::: INPUT MATERIAL :::
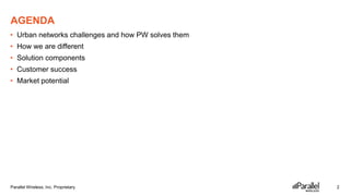 Parallel Wireless presented their All G urban macro Open RAN solution. Their solution is cloud-native, O-RAN compliant software that supports 2G, 3G, 4G and 5G networks on a single platform. It addresses challenges for urban networks like high deployment costs, OPEX costs, and the need to support new technologies and services. Parallel Wireless claims their solution reduces costs, provides flexibility, and ensures networks are future proofed for technologies like 5G. They highlight key customer deployments and the potential market opportunity for their All G urban macro Open RAN.
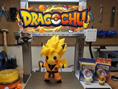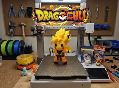 A detailed photograph capturing a unique custom-designed mashup: Dragochu, a Super Saiyan Pikachu hybrid. The figure, in its full Goku gi, is the centerpiece on the build plate of an FDM 3D printer in a cluttered maker workshop. The scene is filled with smaller, unpainted and painted 3D-printed Pokemon figures like Charmander, Bulbasaur, Squirtle, Jigglypuff, and Eevee. Above the printer, a large, stylized Dragochu logo mixes the design elements of both the Pokemon and Dragon Ball logos, complete with integrated Dragon Balls and Poke Balls. Tools, filament spools, and vintage Pokemon card boxes fill the workshop desk. A true celebration of fan culture, creation, and collecting.
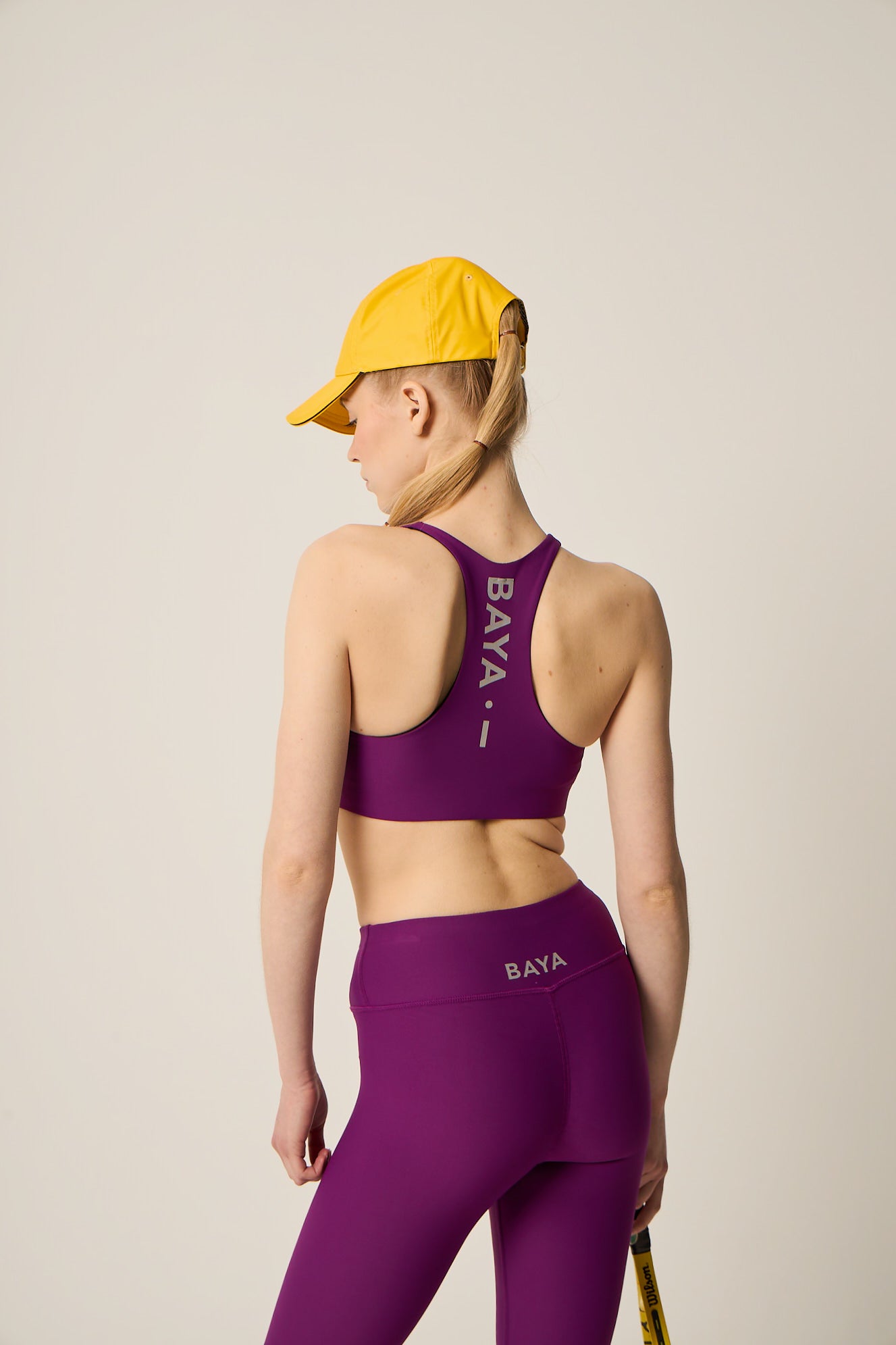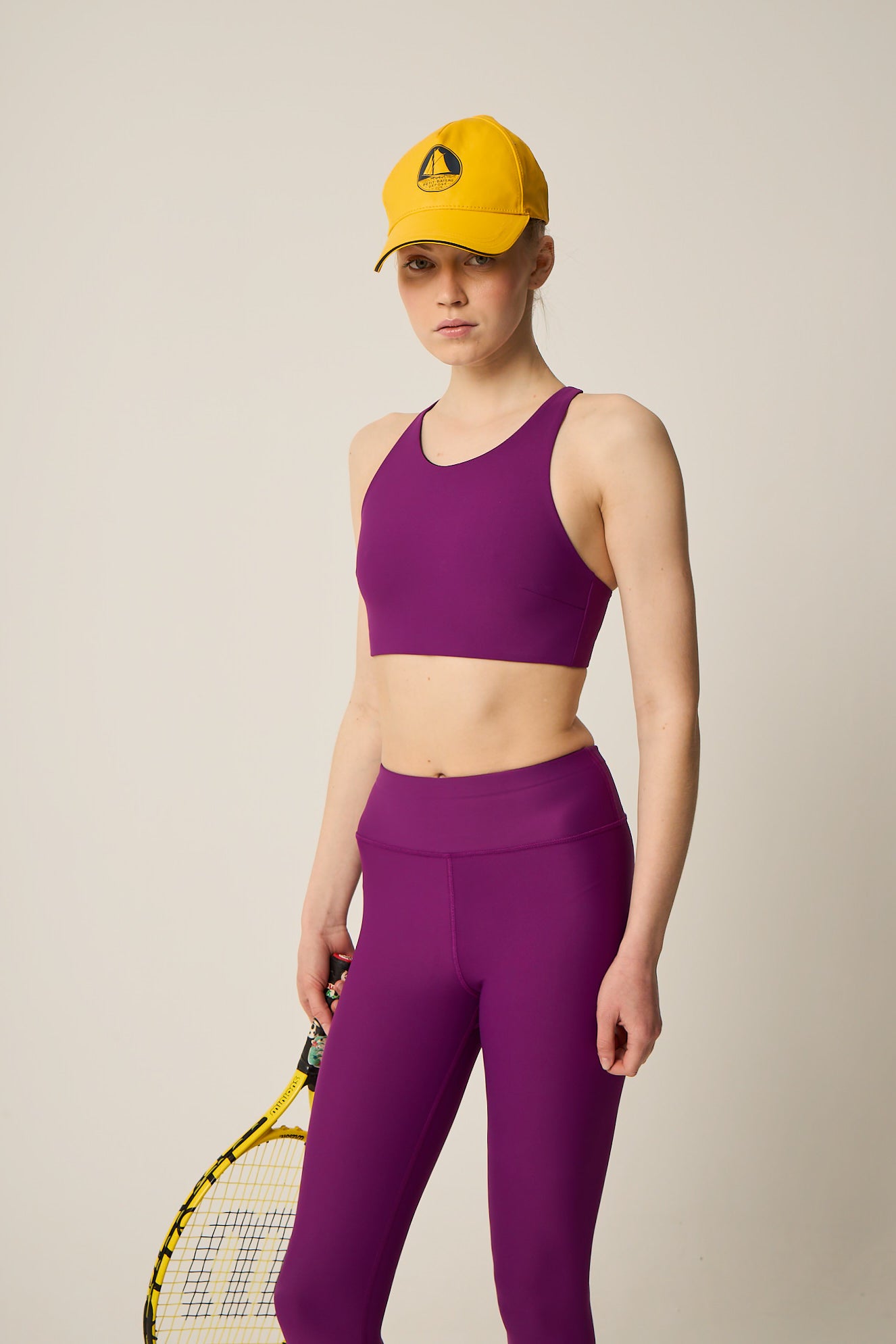 High-support top with elastic at the bottom and internal cups. Round neckline and sports back.
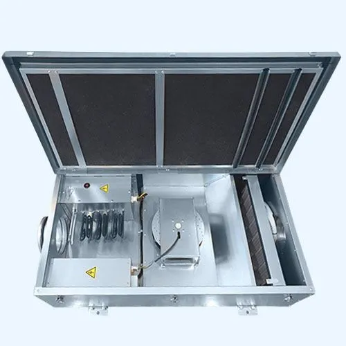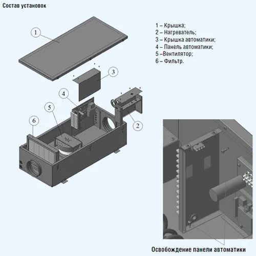 Корпус выполнен из оцинкованной стали, с звуко- и теплоизоляцией из базальтовой минеральной ваты толщиной 25 мм, обеспечивающей поглощение шума до 44 дБ. Установка предназначена для горизонтального монтажа на ровной поверхности, с обязательным заземлением.
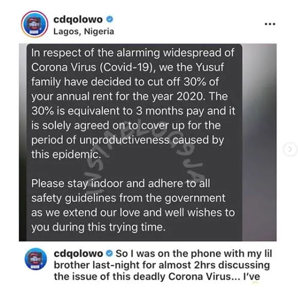 The rapper said he did it in respect to the outbreak of COVID-19, adding that himself and his family has decided to cut off 30% of the annual rent of 2020.
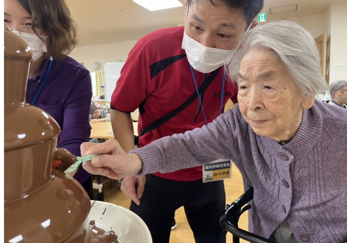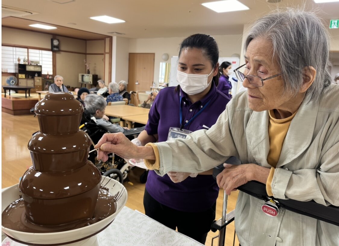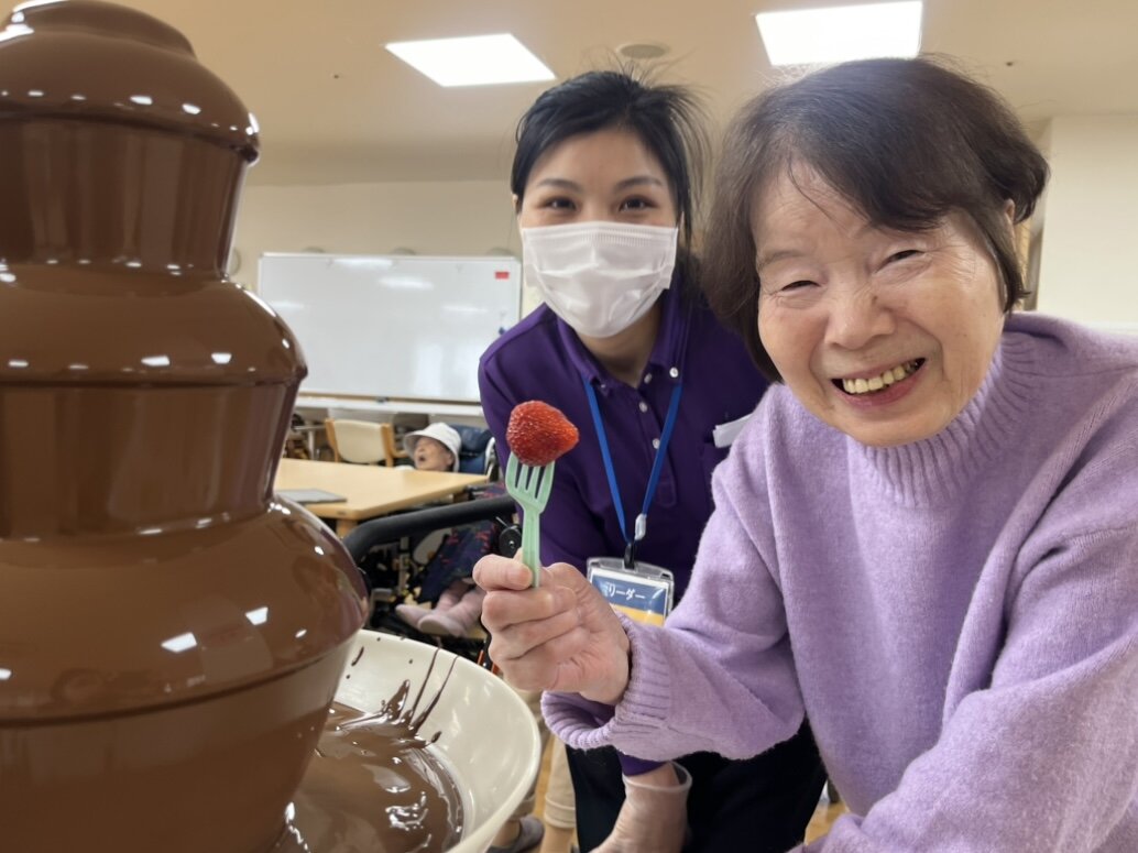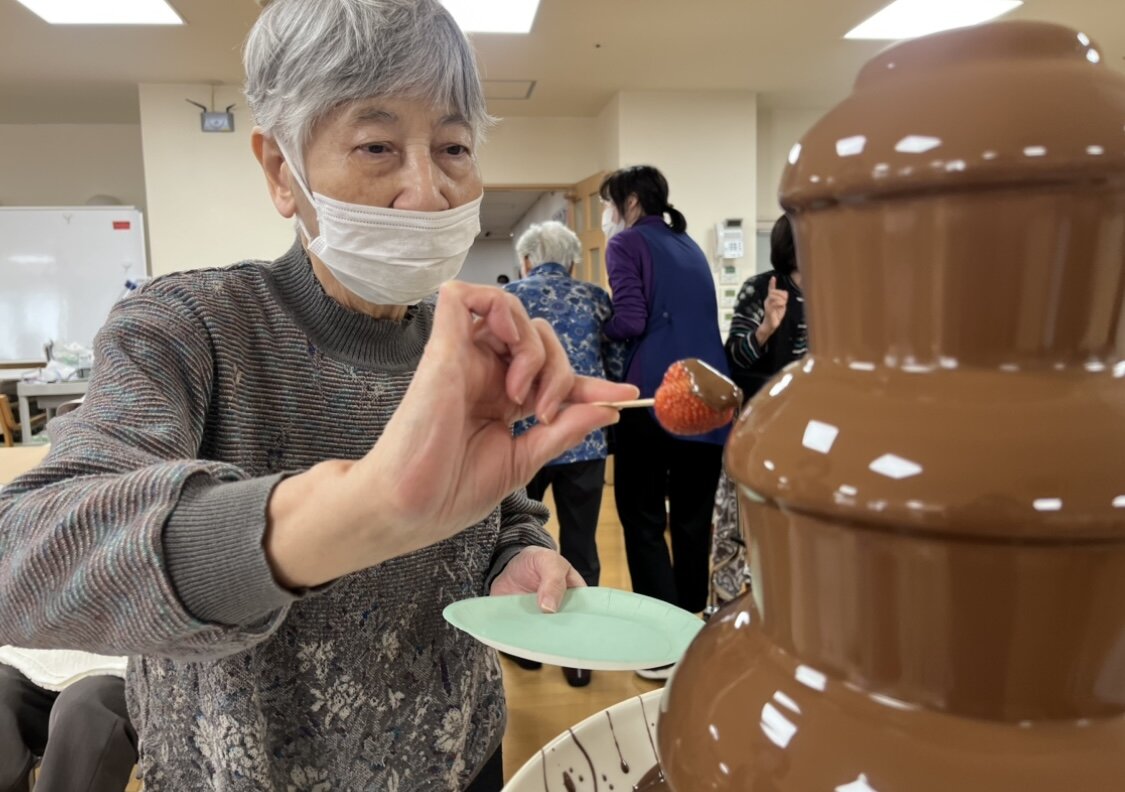 月祭レクリエーションは、「チョコレートフォンデュ」を実施しました!
:::
PROBLEM:
Transcribe the listing above exactly, but only from the line with "A detailed photograph" through the line with "High-support top with". Include both of those lines and omit the pictures.

ANSWER BOX:
 A detailed photograph capturing a unique custom-designed mashup: Dragochu, a Super Saiyan Pikachu hybrid. The figure, in its full Goku gi, is the centerpiece on the build plate of an FDM 3D printer in a cluttered maker workshop. The scene is filled with smaller, unpainted and painted 3D-printed Pokemon figures like Charmander, Bulbasaur, Squirtle, Jigglypuff, and Eevee. Above the printer, a large, stylized Dragochu logo mixes the design elements of both the Pokemon and Dragon Ball logos, complete with integrated Dragon Balls and Poke Balls. Tools, filament spools, and vintage Pokemon card boxes fill the workshop desk. A true celebration of fan culture, creation, and collecting.
 High-support top with elastic at the bottom and internal cups. Round neckline and sports back.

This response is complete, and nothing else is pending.